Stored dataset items
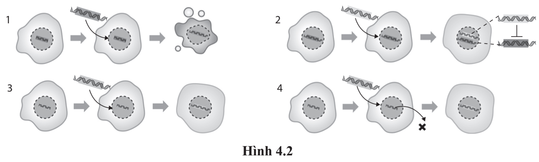 1: Đưa gene gây chết vào tế bào, 2: Đưa gene ức chế vào tế bào, 3: Đưa gene lành vào tế bào, 4: Đưa gene chỉnh sửa vào tế bào.
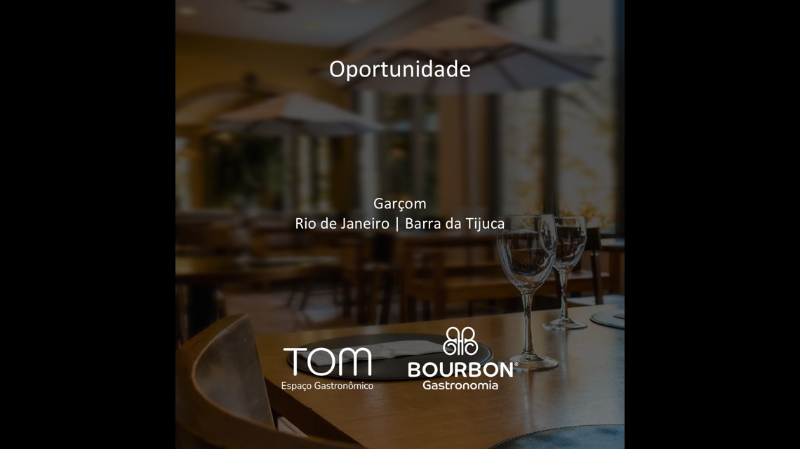 A Bourbon Gastronomia está buscando um Garçom, para compor o time da Bourbon Rio de Janeiro, localizado na Barra da Tijuca, cidade do Rio de Janeiro/RJ. Venha fazer parte da equipe que preza pela excelência em bem - servir, oferecendo cardápios das mais conceituadas cozinhas mundiais.
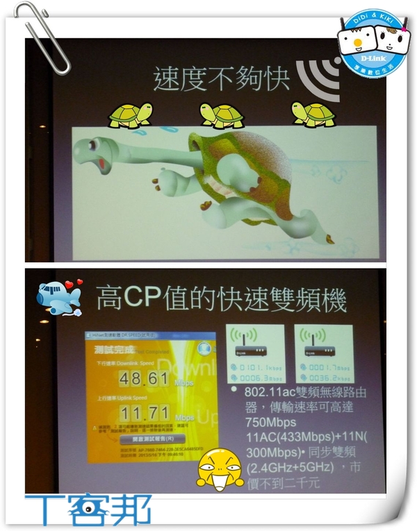 上半場透過專家Emma的講解和達人柏青哥的分享,一個坐而言,一個起而行,帶大家認識802.11ac的世界中,要進入802.11ac世界中,絕對要有絕佳的裝備來輔助,這絕佳的裝備是什麼?專家和達人異口同聲的說︰「絕對是友訊科技(D-Link) for 802.11ac 全球最快路由器」!
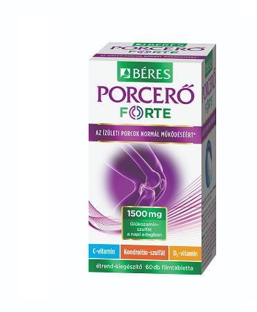 Béres Porcerő Forte filmtabletta komplex étrend-kiegészítő készítmény glükozamin-szulfáttal, kondroitin-szulfáttal, valamint C- és D3-vitaminnal. Jellemzők1500 mg glükozamin-szulfát biztosítása a napi adagban. Komplex összetétel: C-vitaminnal, D3-vitaminnal, glükozamin-szulfát, kondroitin-szulfáttal. A porc egy nagy teherbírású, rugalmas szövet, melyre a mindennapjainkba
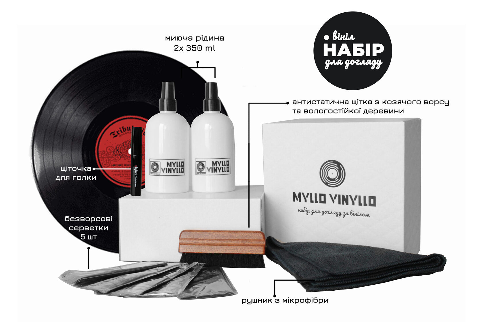 Комплект включає щітку з натурального козячого ворсу, кілька серветок з мікрофібри, рідину для очищення без спиртів і шкідливих компонентів, рушник з м’якої мікрофібри та щіточку для очищення стилуса. Матеріали добірні, дизайн зручний у використанні, щоб процедури очищення були максимально ефективними і безпечними для вінілових носіїв.
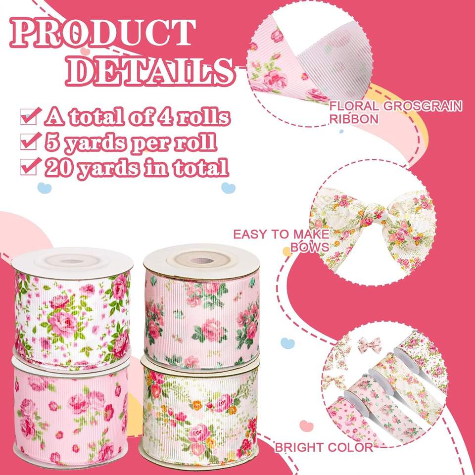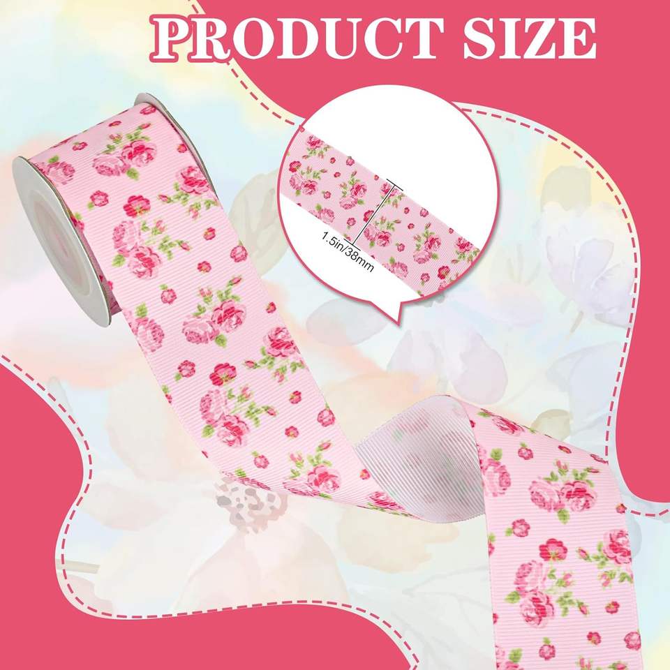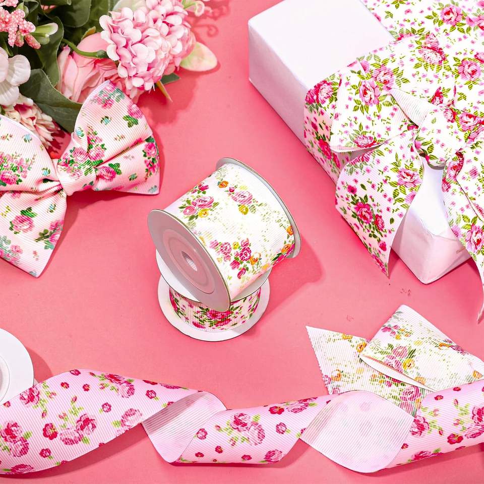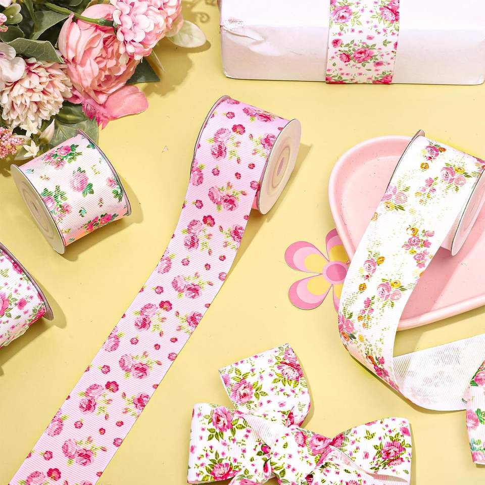 ริบบิ้นพิมพ์ลายดอกไม้สไตล์จีนแบบสองด้านสำหรับห่อของขวัญ
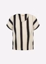 Stilren och luftig topp i ett tidlöst randigt mönster. Modellen har en avslappnad passform med korta ärmar och en klassisk rund halsringning, vilket ger en bekväm och smickrande silhuett.

> **Work task**: Please restate the data word for word, leaving out any picture it holds.

> **Expected answer**:
 1: Đưa gene gây chết vào tế bào, 2: Đưa gene ức chế vào tế bào, 3: Đưa gene lành vào tế bào, 4: Đưa gene chỉnh sửa vào tế bào.
 A Bourbon Gastronomia está buscando um Garçom, para compor o time da Bourbon Rio de Janeiro, localizado na Barra da Tijuca, cidade do Rio de Janeiro/RJ. Venha fazer parte da equipe que preza pela excelência em bem - servir, oferecendo cardápios das mais conceituadas cozinhas mundiais.
 上半場透過專家Emma的講解和達人柏青哥的分享,一個坐而言,一個起而行,帶大家認識802.11ac的世界中,要進入802.11ac世界中,絕對要有絕佳的裝備來輔助,這絕佳的裝備是什麼?專家和達人異口同聲的說︰「絕對是友訊科技(D-Link) for 802.11ac 全球最快路由器」!
 Béres Porcerő Forte filmtabletta komplex étrend-kiegészítő készítmény glükozamin-szulfáttal, kondroitin-szulfáttal, valamint C- és D3-vitaminnal. Jellemzők1500 mg glükozamin-szulfát biztosítása a napi adagban. Komplex összetétel: C-vitaminnal, D3-vitaminnal, glükozamin-szulfát, kondroitin-szulfáttal. A porc egy nagy teherbírású, rugalmas szövet, melyre a mindennapjainkba
 Комплект включає щітку з натурального козячого ворсу, кілька серветок з мікрофібри, рідину для очищення без спиртів і шкідливих компонентів, рушник з м’якої мікрофібри та щіточку для очищення стилуса. Матеріали добірні, дизайн зручний у використанні, щоб процедури очищення були максимально ефективними і безпечними для вінілових носіїв.
 ริบบิ้นพิมพ์ลายดอกไม้สไตล์จีนแบบสองด้านสำหรับห่อของขวัญ
 Stilren och luftig topp i ett tidlöst randigt mönster. Modellen har en avslappnad passform med korta ärmar och en klassisk rund halsringning, vilket ger en bekväm och smickrande silhuett.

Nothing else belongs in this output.